Su compañero, Derrick, les hizo un gesto para que se callaran.
– ¿LVO? Aquí Derrick. Di a todos que… No, es mucho mejor que… ¡Escúchame, joder! Ha habido una explosión de CO 2en el lago Horseshoe.
– ¿No puede explotar también el lago McLeod? -preguntó Randall.
Derrick tapó su auricular un momento.
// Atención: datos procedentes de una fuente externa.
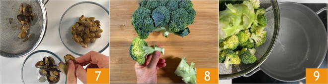 Shell most of the clams, keeping a few aside for decoration 7. Move on to the broccoli: cut the stem and divide it into very small florets 8, then rinse thoroughly. Bring a pot of slightly salted water to a boil and cook both the stem and florets for 10-15 minutes 9.
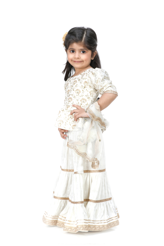 White Embellished Peplum and Sharara set, designed to make your little one shine on any occasion. Crafted with meticulous attention to detail, this ensemble features intricate embellishments that add a touch of elegance and charm. The peplum top boasts a flattering silhouette with delicate embroidery, enhancing its appeal. Paired with matching sharara pants, adorned with coordinating accents, this outfit exudes sophistication and grace. The soft fabric ensures comfort while maintaining a luxurious feel, allowing your child to move with ease and confidence. Whether it's a festive celebration or a special event, this ensemble is sure to steal the spotlight. Let your girl dazzle in our White Embellished Peplum and Sharara set, a timeless choice for making cherished memories.
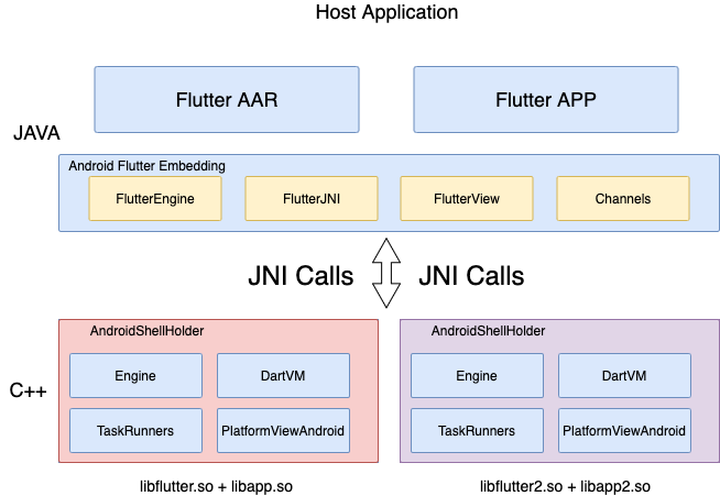 libflutter.so 是Flutter Engine 动态库文件,在运行时会被 Flutter Embedder Jar 加载进来。这个库文件冲突,我们不能单纯使用宿主中同名的库文件,因为两者的 Engine 版本可能不一致以及不违背运行时 Flutter 版本隔离的目标。
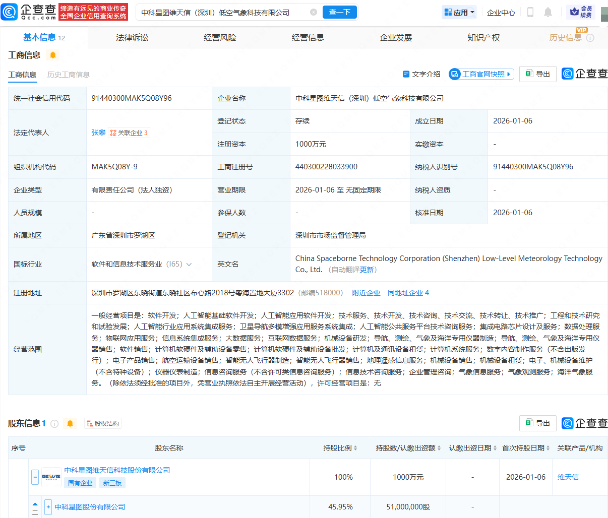近日,中科星图维天信(深圳)低空气象科技有限公司成立,法定代表人为张攀,注册资本为1000万元,经营范围包含:人工智能基础软件开发;人工智能应用软件开发;集成电路芯片设计及服务;智能无人飞行器制造等。企查查股权穿透显示,该公司由中科星图(688568)持股的中科星图维天信科技股份有限公司全资持股。

Alborada dio otro volantazo y se coló entre dos pinos tan juntos que el espejo de la derecha se metió para dentro con un sonoro golpetazo.
– Espero que no lo haga por ahora. No tenemos otra salida. -Después siguió hablando por el móvil-. La nube de CO 2baja hacia el pueblo. Por la fuerza de la explosión, creo que puede moverse a cien kilómetros por hora. Dad la alarma. Que la gente se meta en las casas y cierre todas las ventanas.
El aire parecía limpio ahora. La mujer bajó su ventanilla y olisqueó.
– Ya se puede respirar mejor.
Alborada abrió también su cristal y sacó la cabeza. Inspiró hondo, y al captar el olor de los pinos se dio cuenta de lo cargada que estaba la atmósfera del coche.
«Hemos salido vivos de ésta», pensó. Pero sospechaba que aquella locura no había hecho más que empezar.
* * * * *
– ¿El CO 2es venenoso? -preguntó Joey, que había recuperado el aliento. Había comprobado en su garganta y en sus propios pulmones que el dióxido era tóxico, pero no entendía la razón.